# I wrote support for  Intel 7260 bluetooth, need testers!



## philmb (May 2, 2021)

Hi, I have added support for the 7260 *bluetooth* card in iwmbtfw(8). This means that *firmware downloading* will now work on this card. Unfortunately I've found bluetooth (called netgraph in FBSD) support quite unreliable so far; I can hear a bit of audio coming out of my speakers but then the connection resets. I have no idea why.
I will post the source shortly if there's interest.

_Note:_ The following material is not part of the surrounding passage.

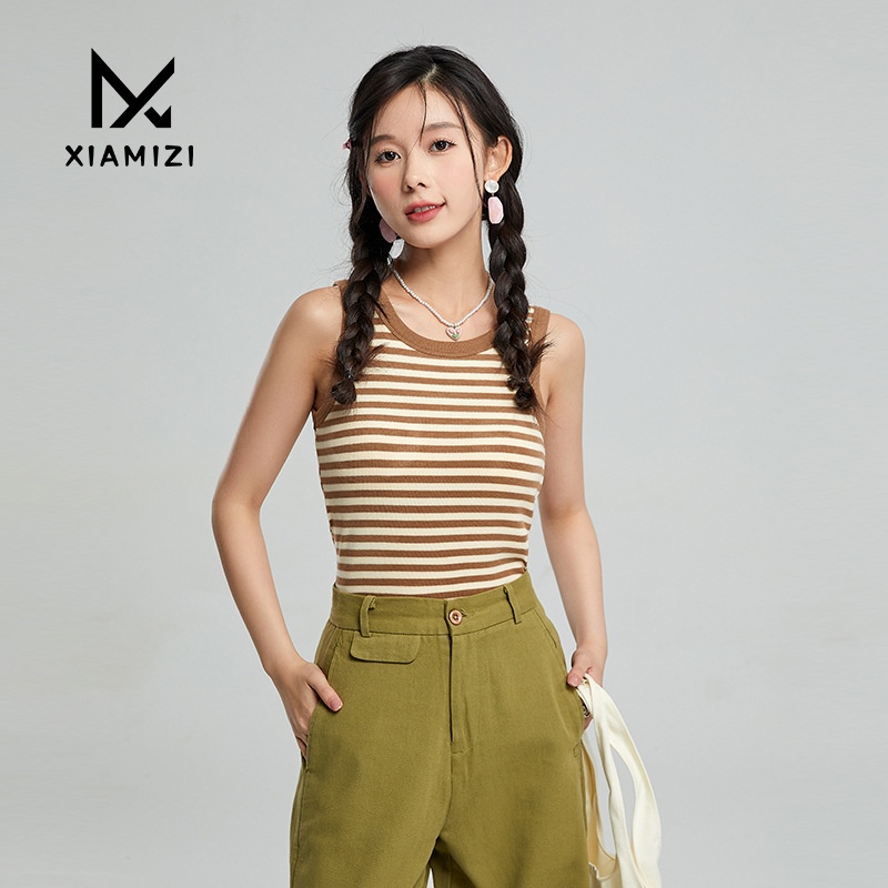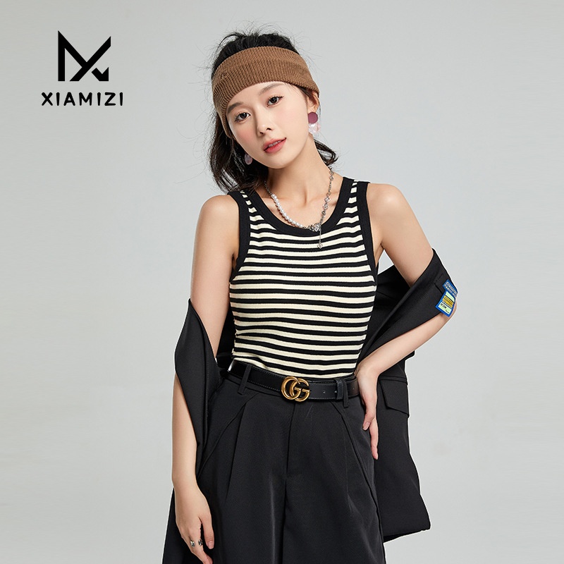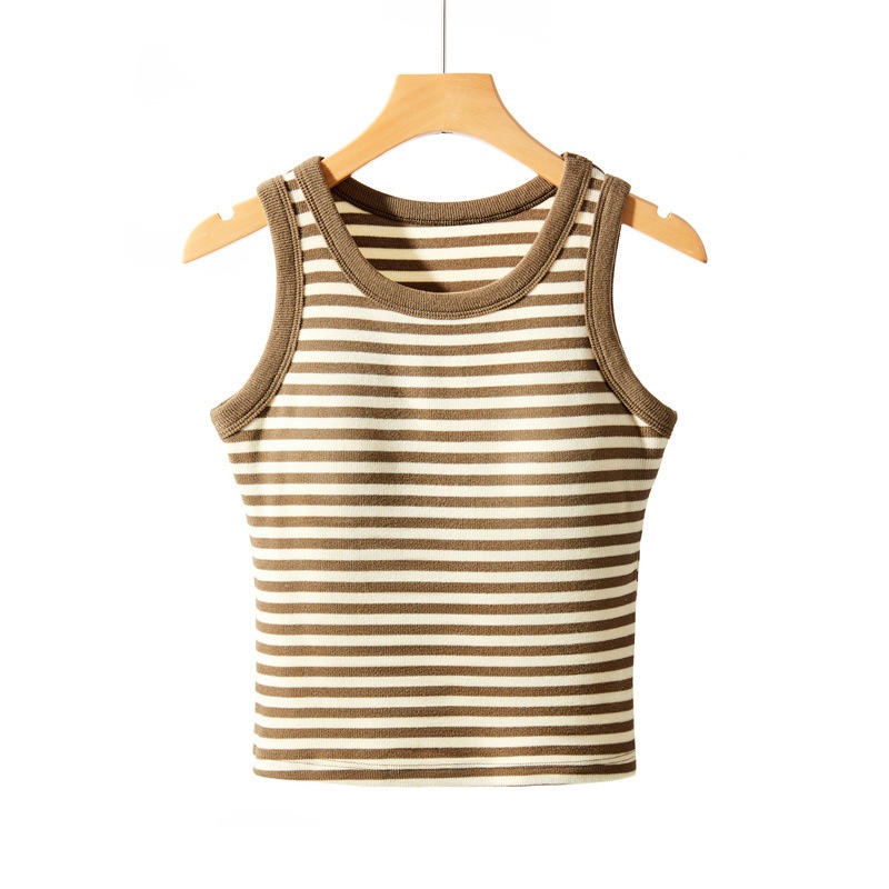German Velvet Warm Vest For Women With Heat In Autumn And Winter,Slim Fit,Round Neck,Inner Chest Pad,Outer Wear,Contrast Color Striped Suspender Bottoming Shirt

We will also need to update comms/iwmbt-firmware for distributing the actual firmware file.


----------



## philmb (May 2, 2021)

The source is available at https://github.com/sinetek/iwmbtfw


----------



## Vladimir Kondratyev (May 3, 2021)

I reposted your link to FreeBSD bugzilla issue dedicated to 7260 support: https://bugs.freebsd.org/bugzilla/show_bug.cgi?id=228787
I do not own hardware to test, so it is better place for further discussion/testing.

> We will also need to update comms/iwmbt-firmware for distributing the actual firmware file.
Proposed ports patch is posted here: https://bugs.freebsd.org/bugzilla/show_bug.cgi?id=253302

Thank you!


----------



## Vladimir Kondratyev (May 3, 2021)

> Unfortunately I've found bluetooth (called netgraph in FBSD) support quite unreliable so far; I can hear a bit of audio coming out of my speakers but then the connection resets. I have no idea why.

You may try to disable wifi while testing bluetooth.

AFAIK all these Intel adapters shares common antenna between bluetooth and WiFi and "coexistence" code has never been ported. So you can actively use only one RF device at a time.


----------